Lynne Stewart, a proudly radical lawyer, could face 40 years in federal prison if she's convicted. But she's in no mood to curl up in a fetal position.
"How could I be happier? I feel like I've waited my whole life for this fight," she told a crowd of supporters at a pretrial fundraiser in a Manhattan Quaker church a few weeks back.
"I say this to John Ashcroft: Bring it on!"
The very public trial of the 64-year-old Stewart -- she plans to testify at length and write a Web log throughout -- commences this week in U.S. District Court in Manhattan and likely will stretch until autumn. A left-leaning pillar of this city's boisterous defense bar, Stewart has worked these courtrooms for two decades, representing leftists and mobsters, antiwar demonstrators and dope smugglers. She's been ranked among the city's 10 best trial lawyers.
"I love helping a jury cut through the crap," she said in an interview in her Manhattan law office a few blocks northeast of Ground Zero. "But I can't be sanguine about having the T-word hung around my neck."
The federal indictment accuses Stewart and two men -- an Arabic translator and a former U.S. postal worker -- of aiding a plot to kidnap and perhaps kill people to obtain the release of the imprisoned blind Sheik Omar Abdel Rahman, who is serving a life sentence for conspiring to blow up the United Nations, two Hudson River tunnels and Manhattan's FBI building.
The indictment alleges that while visiting her client in prison, Stewart spoke gibberish in English as a cover while the sheik gave instructions in Arabic to a follower posing as a translator. She then allegedly violated federal regulations by publicly announcing in 2000 that Rahman had withdrawn his support for a cease-fire with the Egyptian government.
Rahman is held in a maximum-security prison in Colorado and is prohibited from contacting his followers.
The federal government's indictment of Stewart in April 2002 marked the first time that it had brought charges of conspiring to provide material support for terrorist activity against a defense attorney in a terrorism case.
Attorney General John D. Ashcroft framed the prosecution as another battle in the nation's war on terror. "We will not look the other way when our institutions of justice are subverted," Ashcroft said at the time.

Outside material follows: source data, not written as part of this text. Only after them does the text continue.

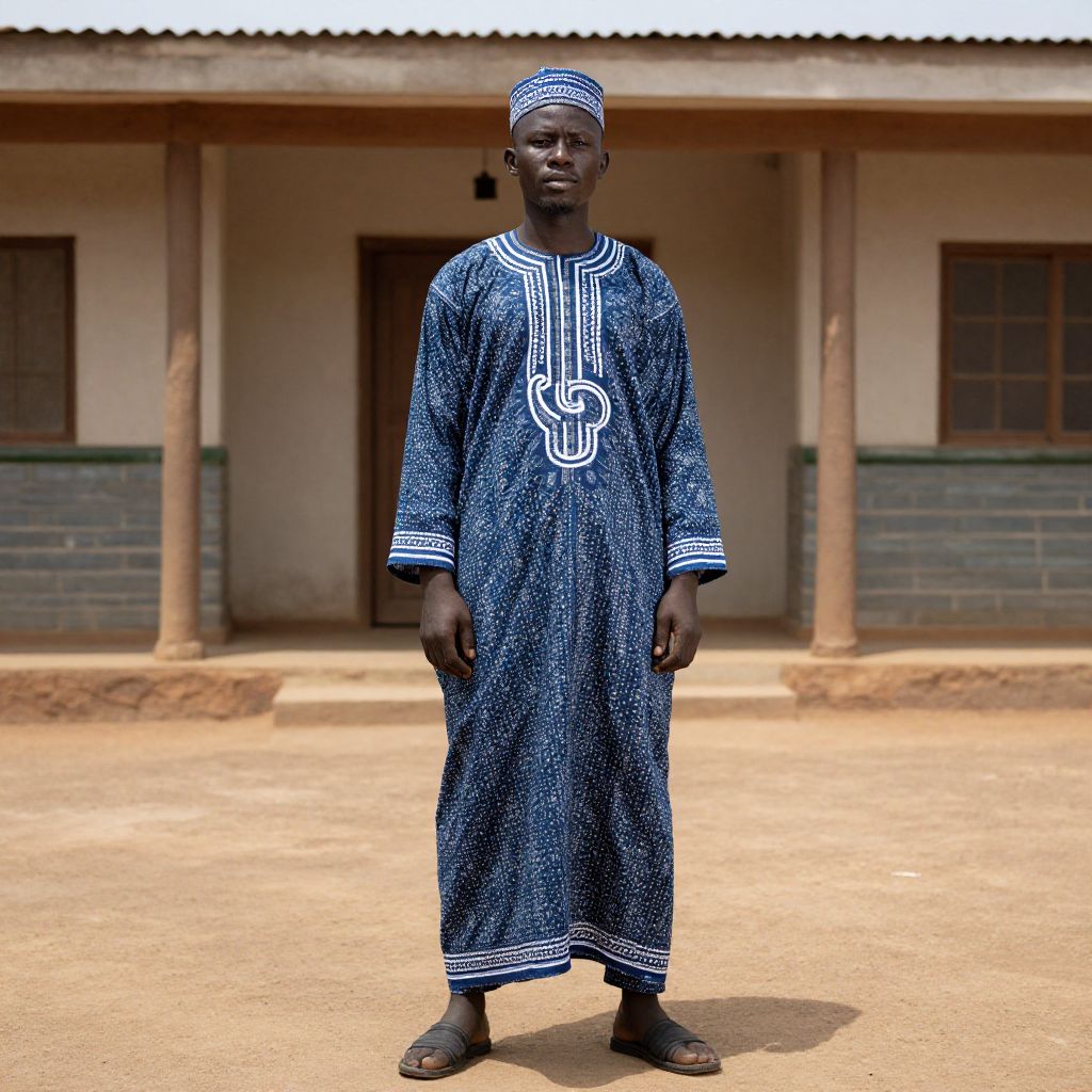 Photograph of a tall, dark-skinned African man in a blue and white patterned traditional kaftan and cap, standing on a dirt courtyard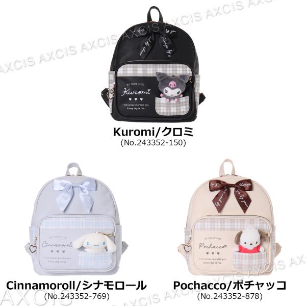 サンリオキャラクターズ ミニデイパック クロミ シナモロール ポチャッコ ぬい付き チェック 合皮 バッグ バック 鞄 かばん 肩かけ ぬいぐるみ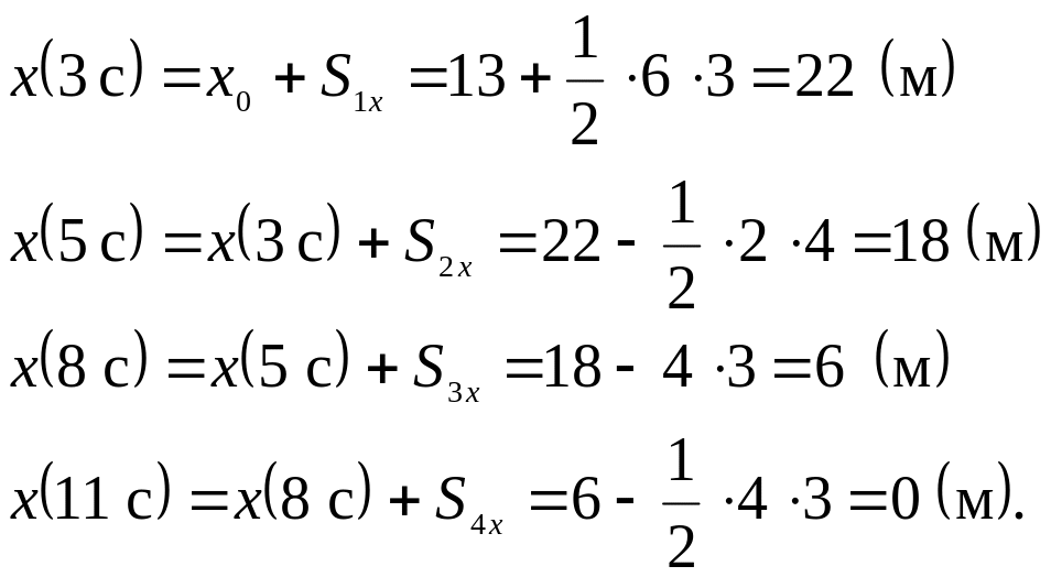 Шаг 3 Рассчитываем координату тела в конце каждого этапа. Конечная координата на одном этапе является начальной для следующего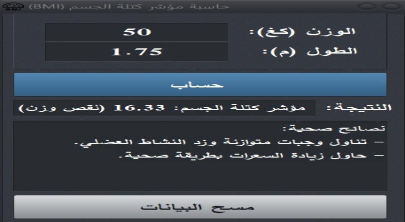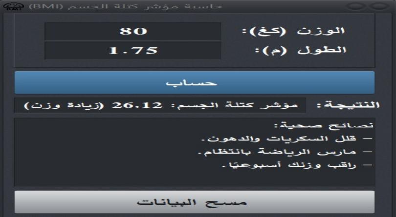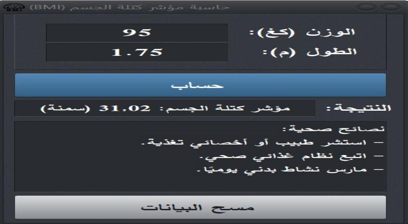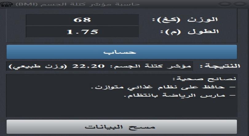 برنامج حاسبة مؤشر كتلة الجسم (BMI)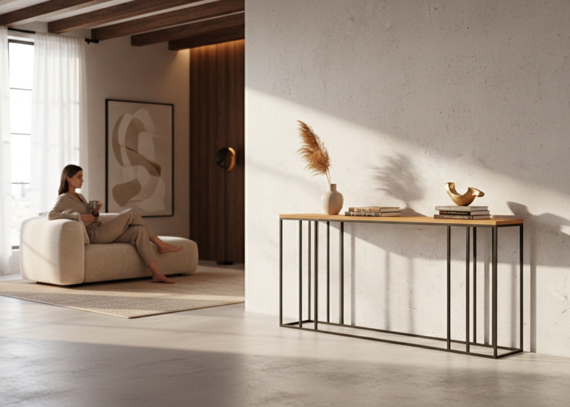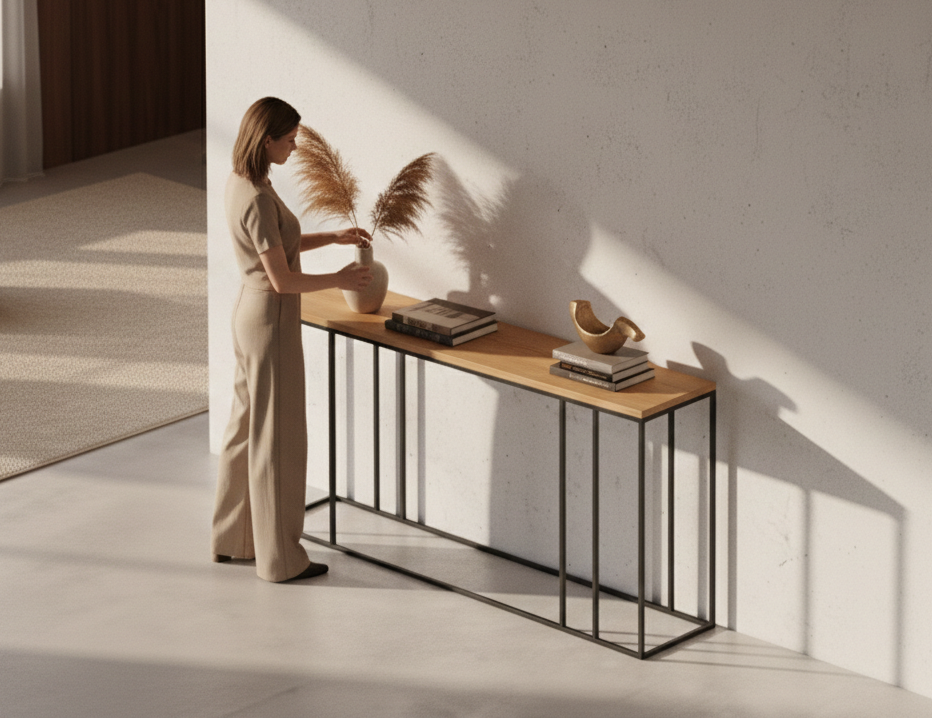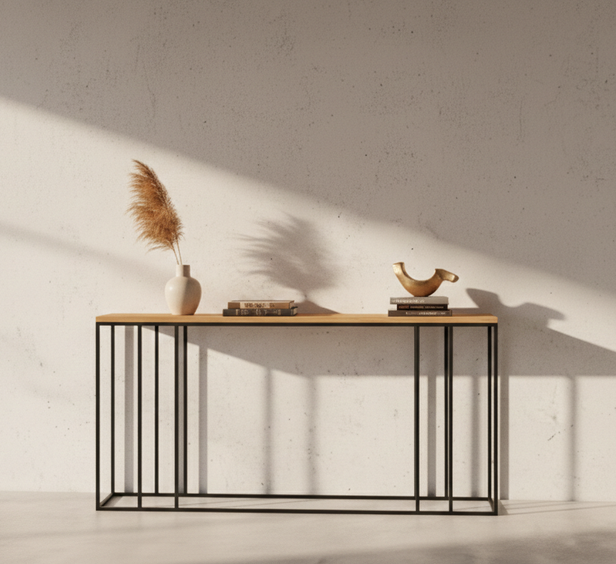 KONSOLA / Stelaż Stalowy Czarny / Gatunek Drewna DĄB model SKD-338 produkowana w rozmiarach od 50 cm do 200 cm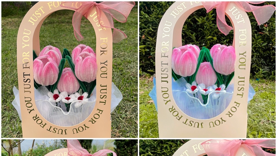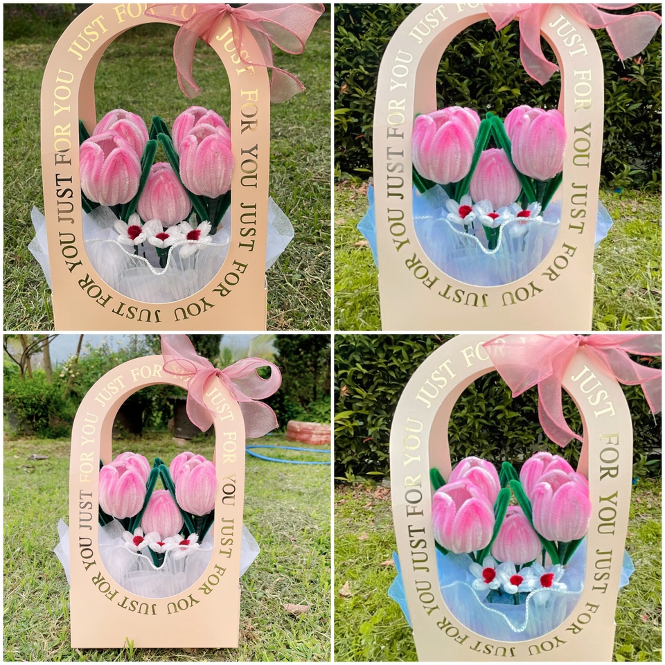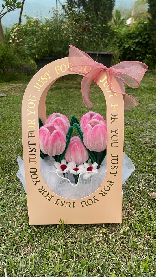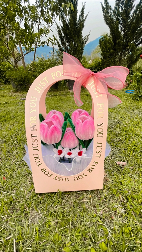 กระเช้าดอกไม้ลวดกำมะหยี่ ดอกทิวลิป สามารถเปลี่ยนสีดอกไม้ได้ค่ะ เก็บได้นาน สีไม่ซีด

In August 2003, however, U.S. District Court Judge John G. Koeltl cut the heart out of the government's case. "The government's evolving definition" of material support, Koeltl wrote, "reveals a lack of prosecutorial standards" and would allow "policemen, prosecutors and juries to pursue their personal predilections."
In November 2003, federal prosecutors returned to court, bringing new charges based on the same actions by Stewart. This time, prosecutors -- who had secretly taped her talks with her client -- accused Stewart of conspiring to provide "personnel" to the Islamic Group. The sheik, in this formulation, was the "personnel."
The government argued that Stewart was effectively aiding terrorist violence to obtain her client's release. Koeltl allowed the new indictment to stand, but cautioned prosecutors that they would face a far higher standard of proof. Now they had to prove that Stewart knew her actions would aid a terrorist conspiracy.